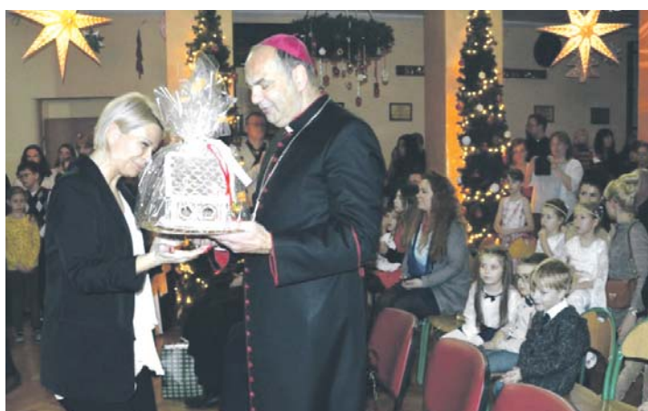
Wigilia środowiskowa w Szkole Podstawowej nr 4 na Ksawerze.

...

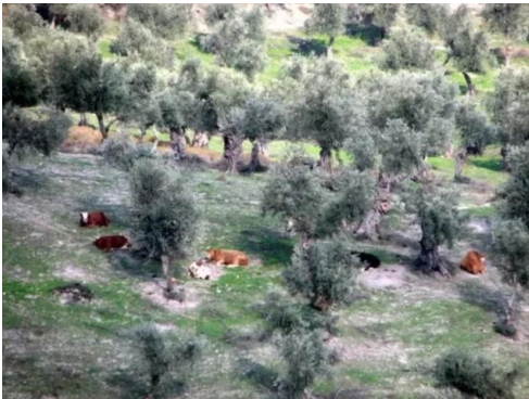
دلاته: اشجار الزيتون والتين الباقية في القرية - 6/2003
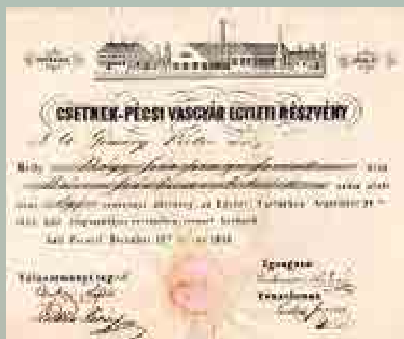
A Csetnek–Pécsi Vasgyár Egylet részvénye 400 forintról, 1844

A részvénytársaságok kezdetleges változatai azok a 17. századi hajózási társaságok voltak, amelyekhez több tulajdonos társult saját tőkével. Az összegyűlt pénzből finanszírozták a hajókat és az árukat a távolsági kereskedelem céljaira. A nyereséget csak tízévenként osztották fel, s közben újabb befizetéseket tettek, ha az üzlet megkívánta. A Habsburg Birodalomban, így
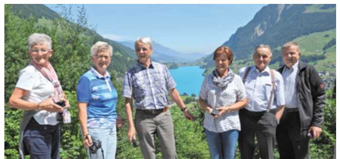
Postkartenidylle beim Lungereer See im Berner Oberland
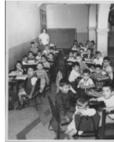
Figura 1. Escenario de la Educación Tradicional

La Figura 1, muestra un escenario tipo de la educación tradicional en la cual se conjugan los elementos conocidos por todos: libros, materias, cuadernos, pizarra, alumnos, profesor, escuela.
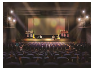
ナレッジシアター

TASK OBJECTIVE: Only the lines starting at the one that includes "دلاته: اشجار الزيتون" and ending at the one that includes "A Csetnek–Pécsi Vasgyár" should be retyped, exactly, from the records above; no pictures.

SOLUTION FOR THIS EXERCISE:
دلاته: اشجار الزيتون والتين الباقية في القرية - 6/2003
A Csetnek–Pécsi Vasgyár Egylet részvénye 400 forintról, 1844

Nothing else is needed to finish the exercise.